The Mirage of Causality in Observational Data
Imagine you notice that farms using a new irrigation system tend to have higher yields. Is the irrigation system the cause? Or are wealthier farmers more likely to adopt it and also have better yields for other reasons? This is the classic problem of confounding variables — hidden factors that influence both the treatment (irrigation) and the outcome (yield).
Randomized controlled trials (RCTs) are the gold standard for causal inference because they randomly assign treatments, breaking these confounding links. But in agriculture, RCTs are often impossible or unethical — you can’t randomly assign tariffs or withhold food aid from needy regions just for the sake of an experiment.
So researchers turn to observational data, but this requires careful strategies to mimic the conditions of an experiment. The paper emphasizes that without transparent discussion and testing of the assumptions behind these strategies, causal claims can be misleading. In fact, previous studies have shown that common methods like ordinary least squares (OLS) regression or matching can overstate effects by up to 80% compared to experimental benchmarks.

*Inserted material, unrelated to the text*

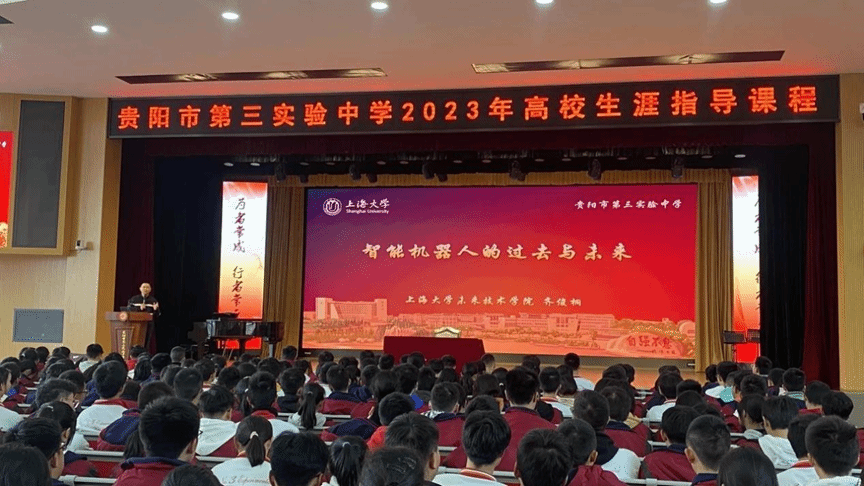同时注重加大对学校特色学院和优势学科的宣传,特别邀请9728太阳集团未来技术学院教授、9728太阳集团无人艇工程研究院副院长齐俊桐老师前往贵阳市实验三中,为一千余名高一学生作了题为《智能机器人的过去和未来》的精彩讲座。

Tools for Untangling Cause and Effect
The paper walks through several powerful econometric tools that help researchers get closer to causality:
Selection on Observables: This approach assumes that all confounding factors are observed and controlled for. Methods like OLS regression and propensity score matching fall here. But the assumption is strong and often unrealistic because some confounders remain hidden. The authors recommend using Directed Acyclic Graphs (DAGs) — visual maps of assumed causal relationships — to clarify which variables to control for and which to avoid, preventing the common mistake of controlling for variables that lie on the causal path itself.
Instrumental Variables (IV): When unobserved confounders lurk, IV methods can help. An instrument is a variable that influences the treatment but affects the outcome only through that treatment. For example, rainfall variation might serve as an instrument for irrigation use if it affects irrigation but not yields directly. However, finding valid instruments is notoriously difficult, and weak or invalid instruments can make estimates worse than simpler methods. The paper stresses rigorous testing of instrument strength and validity, including theoretical justification and statistical tests.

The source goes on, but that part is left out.